Starting with the line that contains "A régészeti feltárás, a" and stopping after the line that contains "한국 축구 대표팀이 유럽의", return each line below exactly as written, with no others.

Supplied information:
-*-*-
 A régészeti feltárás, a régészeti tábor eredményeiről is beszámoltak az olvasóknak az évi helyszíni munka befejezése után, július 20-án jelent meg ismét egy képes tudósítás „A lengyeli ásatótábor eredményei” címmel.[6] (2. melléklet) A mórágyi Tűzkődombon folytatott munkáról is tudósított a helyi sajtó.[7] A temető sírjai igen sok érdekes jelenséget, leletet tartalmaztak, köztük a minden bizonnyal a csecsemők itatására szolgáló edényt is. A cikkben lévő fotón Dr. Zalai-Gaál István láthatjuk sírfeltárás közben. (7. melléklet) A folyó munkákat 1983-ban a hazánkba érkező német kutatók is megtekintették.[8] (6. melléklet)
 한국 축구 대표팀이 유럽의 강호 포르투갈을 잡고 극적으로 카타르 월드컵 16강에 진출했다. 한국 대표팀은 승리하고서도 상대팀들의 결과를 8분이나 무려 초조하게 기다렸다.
-*-*-
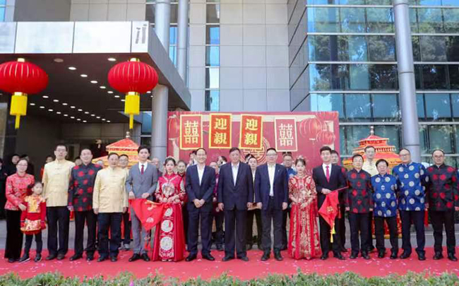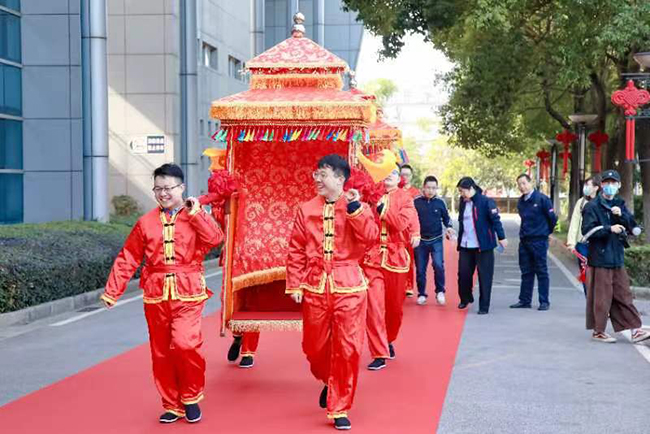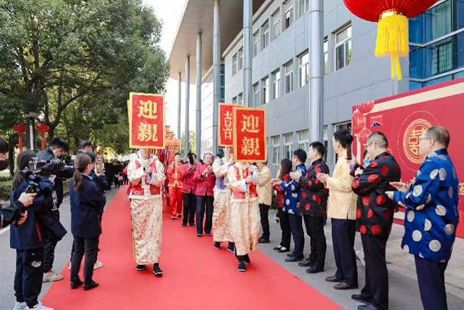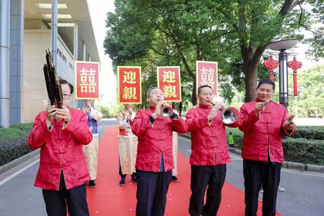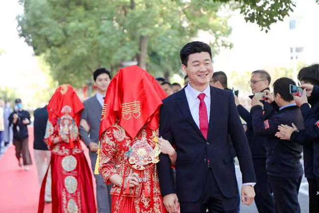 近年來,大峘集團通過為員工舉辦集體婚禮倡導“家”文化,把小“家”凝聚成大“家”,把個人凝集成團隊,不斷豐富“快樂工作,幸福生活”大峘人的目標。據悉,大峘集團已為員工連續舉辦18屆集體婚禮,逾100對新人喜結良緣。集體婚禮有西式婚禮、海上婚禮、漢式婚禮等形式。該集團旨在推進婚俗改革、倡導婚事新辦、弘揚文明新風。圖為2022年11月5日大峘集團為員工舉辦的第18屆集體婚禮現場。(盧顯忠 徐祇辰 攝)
-*-*-
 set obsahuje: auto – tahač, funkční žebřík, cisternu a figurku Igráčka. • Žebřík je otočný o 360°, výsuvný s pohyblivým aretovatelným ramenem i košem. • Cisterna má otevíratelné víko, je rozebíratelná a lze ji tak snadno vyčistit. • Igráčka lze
-*-*-
Output for this exercise:
 A régészeti feltárás, a régészeti tábor eredményeiről is beszámoltak az olvasóknak az évi helyszíni munka befejezése után, július 20-án jelent meg ismét egy képes tudósítás „A lengyeli ásatótábor eredményei” címmel.[6] (2. melléklet) A mórágyi Tűzkődombon folytatott munkáról is tudósított a helyi sajtó.[7] A temető sírjai igen sok érdekes jelenséget, leletet tartalmaztak, köztük a minden bizonnyal a csecsemők itatására szolgáló edényt is. A cikkben lévő fotón Dr. Zalai-Gaál István láthatjuk sírfeltárás közben. (7. melléklet) A folyó munkákat 1983-ban a hazánkba érkező német kutatók is megtekintették.[8] (6. melléklet)
 한국 축구 대표팀이 유럽의 강호 포르투갈을 잡고 극적으로 카타르 월드컵 16강에 진출했다. 한국 대표팀은 승리하고서도 상대팀들의 결과를 8분이나 무려 초조하게 기다렸다.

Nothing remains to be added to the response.